Troquer ses escarpins contre de solides chaussures de volcanologue, passer d’un bourg glamour et survolté à un village paisible et tranquille. Le tout en un battement de cils. C’est ça, la Sicile.

L’£il de l’Etna scrute l’avion à son zénith. A 2 h 45 de vol de Bruxelles, l’arrivée en Sicile coupe le souffle. Le regard se perd dans les cratères du volcan, caresse les flots turquoise de la mer Ionienne, s’attarde sur les champs verdoyants. Et dans notre imagination, de là-haut, la ligne côtière, entre les caps Sant’Andrea et Taormina, ressemble au profil d’un taureau. L’arrivée à l’aéroport de Catania Fontanarossa est elle aussi impressionnante : la piste d’atterrissage semble jaillir de la mer, forçant l’appareil à raser les flots pour l’aborder.
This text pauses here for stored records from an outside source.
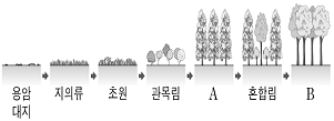 그림은 식물 군집의 천이 과정을 나타낸 것이다. 이에 대한 설명으로 옳은 것은?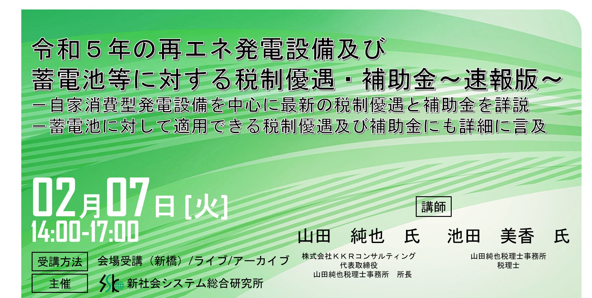 「令和5年再エネと蓄電池の税制補助金~速報版~」と題して山田純也税理士事務所 所長 税理士 山田 純也氏、税理士 池田 美香氏のセミナーを2月7日(火)に開催!!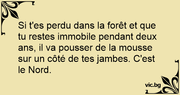 Si t'es perdu dans la forêt et que tu restes immobile pendant deux ans, il va pousser de la mousse sur un côté de tes jambes. C'est le Nord.
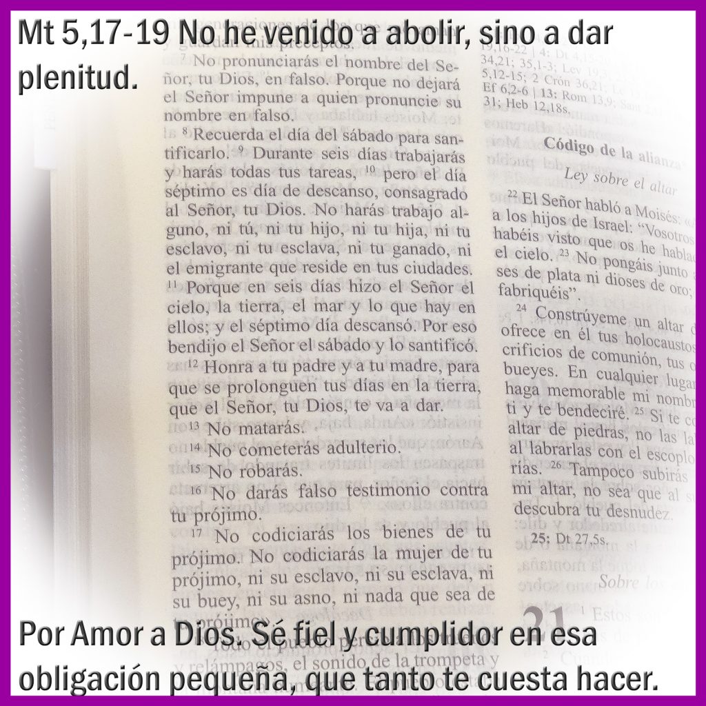 17 No creáis que he venido a abolir la Ley y los Profetas: no he venido a abolir, sino a dar plenitud. 18 En verdad os digo que antes pasarán el cielo y la tierra que deje de cumplirse hasta la última letra o tilde de la ley. 19 El que se salte uno solo de los preceptos menos importantes y se lo enseñe así a los hombres será el menos importante en el reino de los cielos. Pero quien los cumpla y enseñe será grande en el reino de los cielos.

Située au centre de la Méditerranée, la Sicile est le point de passage entre l’Europe et l’Afrique, l’Orient et l’Occident. Phéniciens, Grecs, Carthaginois, Romains, Vandales, Ostrogoths, Byzantins, Arabes ou encore Normands défilèrent sur cette terre. Aujourd’hui, l’envahisseur idolâtré est le touriste. Qui se précipite sur l’île, comme pour vérifier lui-même comment il est possible de vivre heureux à l’ombre d’un volcan.

L’Etna, ce géant

Bleu, dangereux. Gris, activité strombolienne. Le Sicilien connaît le langage des fumerolles de l’Etna. Et il sait que le  » cyclope  » recèle bien des maisons ensevelies intactes dans une gangue de lave durcie lors des irruptions précédentes. D’une hauteur de 3 345 mètres, son cône s’étend sur environ 1 250 km2. Il est actuellement l’un des volcans les plus actifs au monde. Et aussi le plus visité. Pour s’approcher au plus près du géant de feu, deux départementales mènent au Rifugio Sapienza via Nicolosi Nord, à 1 923 m d’altitude. De téléphérique en tout-terrain, vous alunissez littéralement dans un paysage dantesque.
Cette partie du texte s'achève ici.